- [Task statement] The range runs from the line containing "총 5종으로 구성됐다." to the last line of the entries. Copy that range exactly, omitting pictures.

Task input section start

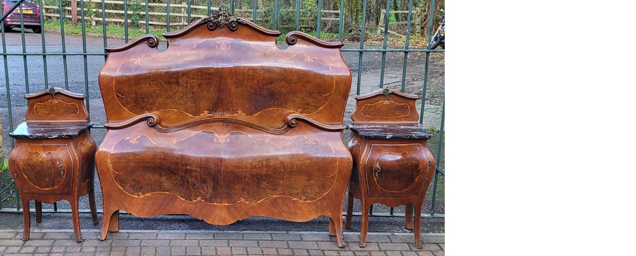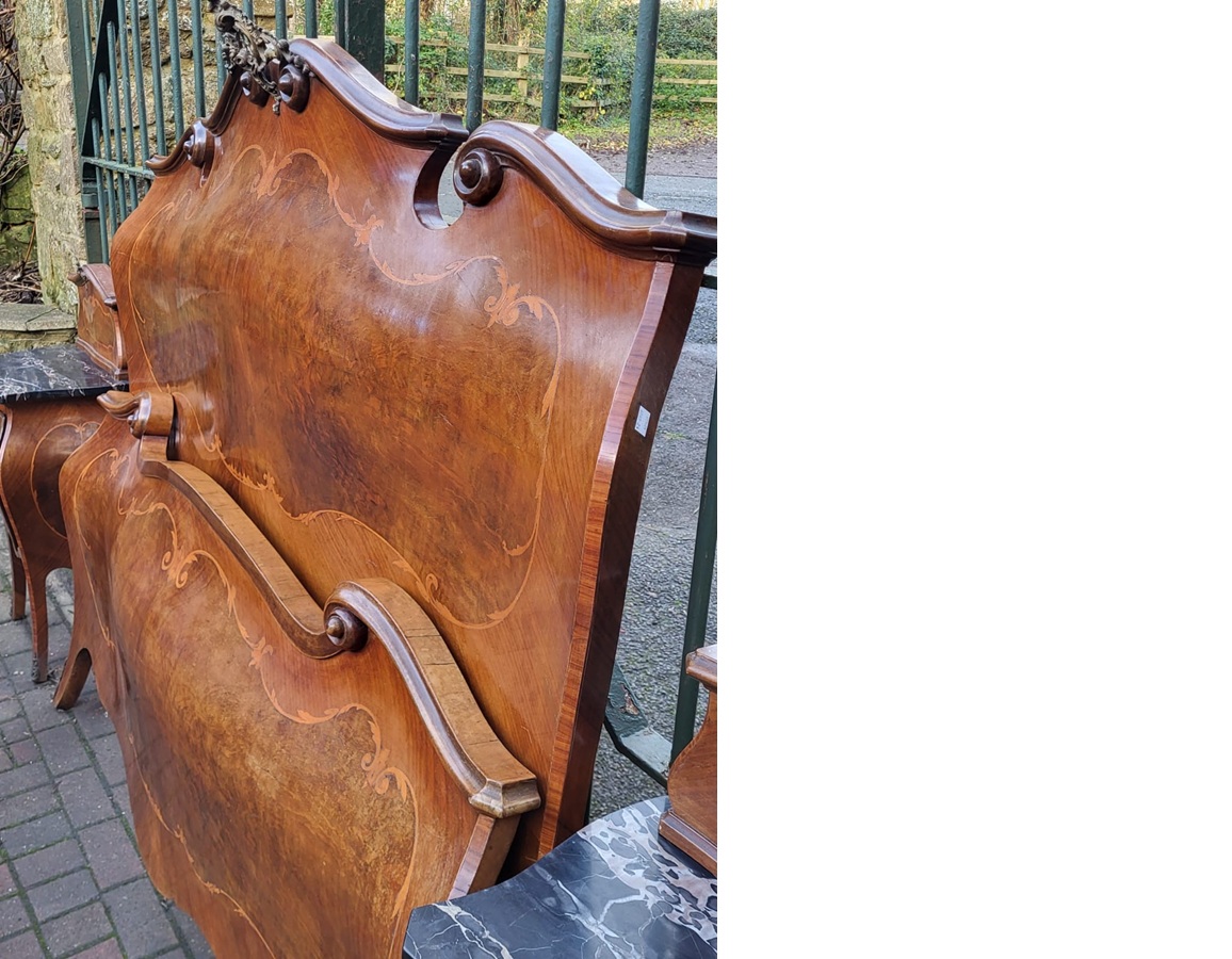 Unrestored very elegant and curvaceous 5ft6 Italian ormalou mounted Bombe bedstead with ensuite pair of marble top bedside cabinets, ca. 1900.
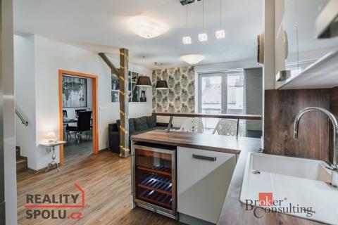 Pronájem krásného mezonetu 4+kk s terasou, balkónem a parkováním, ul. Věžní, Jihlava Nabízíme k pronájmu moderní mezonetový byt 4+kk s užitnou plochou 95 m² situovaný v samotném centru Jihlavy. Byt je kompletně zařízený designovým nábytkem a disponuje balkónem, prostornou terasou a sklepem na patře přímo naproti bytu. K bytu lze rovněž pronajmout kryté parkovací stání za 1500 Kč/měsíčně, což je v centru města velkým benefitem. Spodní podlaží je samostatnými místnostmi rozděleno na obývací a jídelní část. Moderní kuchyňská linka je elegantně začleněna do obývacího prostoru a nabízí kompletní vybavení vestavěnými spotřebiči včetně vlastní vinotéky. V přízemí navazuje na obývací část balkón a další pokoj využívaný jako samostatná jídelní část, která je vybavena designovým jídelním stolem a židlemi podtrhující celkový interiéru bytu. Ve spodním podlaží lze rovněž nalézt první koupelnu se sprchovým koutem a toaletou. V horním patře se nacházejí dva samostatné pokoje, druhá koupelna a prostorná terasa. První pokoj je koncipován jako ložnice vybavená moderní postelí, útulnou lenoškou a designovým lustrem. Další místnost je využívána jako prostorná šatna. Druhá koupelna nabízí vanu, toaletu, pračku se sušičkou, která je efektivně zabudovaná v uzavíratelné skříni a neruší tak celkový vzhled interiéru dané místnosti. Součástí terasy je venkovní posezení včetně grilu. Ulice Věžní nabízí veškerou občanskou vybavenost. V docházkové vzdálenosti lze nalézt poštu, lékárny, banky, školky, obchody, restaurace, kavárny či Kino Dukla. Autobusové nádraží je vzdálené přibližně 10 minut chůze od bytu. V obdobné docházkové vzdálenosti (přibližně 10 minut) se nachází obchodní centrum Citypark. V okolí domu je park Gustava Mahlera. Výše měsíčního nájemného činí 21 000 Kč. Cena pronájmu nezahrnuje zálohy na energie (6000 Kč), elektrická energie se nepřepisuje na nájemce a parkovací stání (2000 Kč). Vratná kauce činí 40.000 Kč. Provize je ve výši jednoho nájmu + DPH. Součástí vybavení bytu bude rovněž televize, která není zobrazena na fotografiích. V případě zájmu o pronájem nás neváhejte kontaktovat.
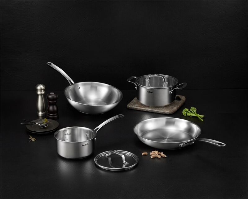 ‘인덕션 스테인리스 스틸 티타늄 3X 퍼펙트 레지스트’는 스테인리스 스틸의 견고함과 논스틱 코팅의 장점을 결합한 제품이다. 테팔 티타늄 3X 코팅으로 논스틱 성능과 긁힘 저항성을 강화했고, 5.2mm 두께의 3중 인덕션 바닥 구조와 열 센서를 탑재해 최적의 조리 시점을 안내한다. 프라이팬 3종, 볶음팬, 뚜껑 포함 소테팬 등 총 5종으로 구성됐다.
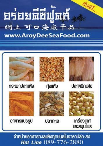 หวัดดีคะ!!! เปิดแล้วคะ..ตลาดค้าปลีก-ส่ง อาหารทะเลแห้งนานาชนิด http://www.aroydeeseafood.com !!!.. อาทิ กุ้งแห้งนานาชนิด ปลาหมึกแห้ง กระเพาะปลา ปลาทะเลแห้ง สมุน ไพร และอาหารแปรรูปทุกชนิด จำหน่ายในราคาถูกทั้งปลีกและส่ง ด่วน!!!ทางร้านเปิดโอกาสให้ผู้สนใจร่วมสมัครเป็นตัวแทนจำหน่ายสินค้าได้แล้ว วันนี้(รับจำนวนจำกัด..) ราคาสินค้าเริ่มต้นเพียงแค่10บาทเท่านั้น สามารถเข้าชมตัวอย่างสินค้า สั่งซื้อสินค้าOnline 24Hrs.ได้ที่ http://www.aroydeeseafood.com
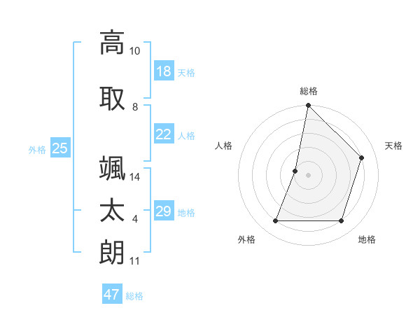 高取 颯太朗さんの総格は47画の5点!
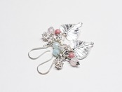 葉っぱと、蕾とお花のカレンシルバーと、グーズベリーと2種類の天然石を繋いだピアスです。
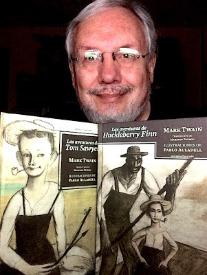 Gracias a la amabilidad de Lluisa Matarrodona, jefa de prensa de la editorial Sexto Piso, hace algunos meses llegó a mis manos una preciosa edición ilustrada y perfectamente encuadernada (es una preciosidad de libro) de la novela de Twain (completa, ya no condensada) y esta semana me mandó una edición igualmente hermosa de Las aventuras de Huckleberry Finn, del mismo autor y que nunca he leído (a pesar de que trengo una antigua edición de Bruguera).

Task input section end

- [Solution below]
 ‘인덕션 스테인리스 스틸 티타늄 3X 퍼펙트 레지스트’는 스테인리스 스틸의 견고함과 논스틱 코팅의 장점을 결합한 제품이다. 테팔 티타늄 3X 코팅으로 논스틱 성능과 긁힘 저항성을 강화했고, 5.2mm 두께의 3중 인덕션 바닥 구조와 열 센서를 탑재해 최적의 조리 시점을 안내한다. 프라이팬 3종, 볶음팬, 뚜껑 포함 소테팬 등 총 5종으로 구성됐다.
 หวัดดีคะ!!! เปิดแล้วคะ..ตลาดค้าปลีก-ส่ง อาหารทะเลแห้งนานาชนิด http://www.aroydeeseafood.com !!!.. อาทิ กุ้งแห้งนานาชนิด ปลาหมึกแห้ง กระเพาะปลา ปลาทะเลแห้ง สมุน ไพร และอาหารแปรรูปทุกชนิด จำหน่ายในราคาถูกทั้งปลีกและส่ง ด่วน!!!ทางร้านเปิดโอกาสให้ผู้สนใจร่วมสมัครเป็นตัวแทนจำหน่ายสินค้าได้แล้ว วันนี้(รับจำนวนจำกัด..) ราคาสินค้าเริ่มต้นเพียงแค่10บาทเท่านั้น สามารถเข้าชมตัวอย่างสินค้า สั่งซื้อสินค้าOnline 24Hrs.ได้ที่ http://www.aroydeeseafood.com
 高取 颯太朗さんの総格は47画の5点!
 葉っぱと、蕾とお花のカレンシルバーと、グーズベリーと2種類の天然石を繋いだピアスです。
 Gracias a la amabilidad de Lluisa Matarrodona, jefa de prensa de la editorial Sexto Piso, hace algunos meses llegó a mis manos una preciosa edición ilustrada y perfectamente encuadernada (es una preciosidad de libro) de la novela de Twain (completa, ya no condensada) y esta semana me mandó una edición igualmente hermosa de Las aventuras de Huckleberry Finn, del mismo autor y que nunca he leído (a pesar de que trengo una antigua edición de Bruguera).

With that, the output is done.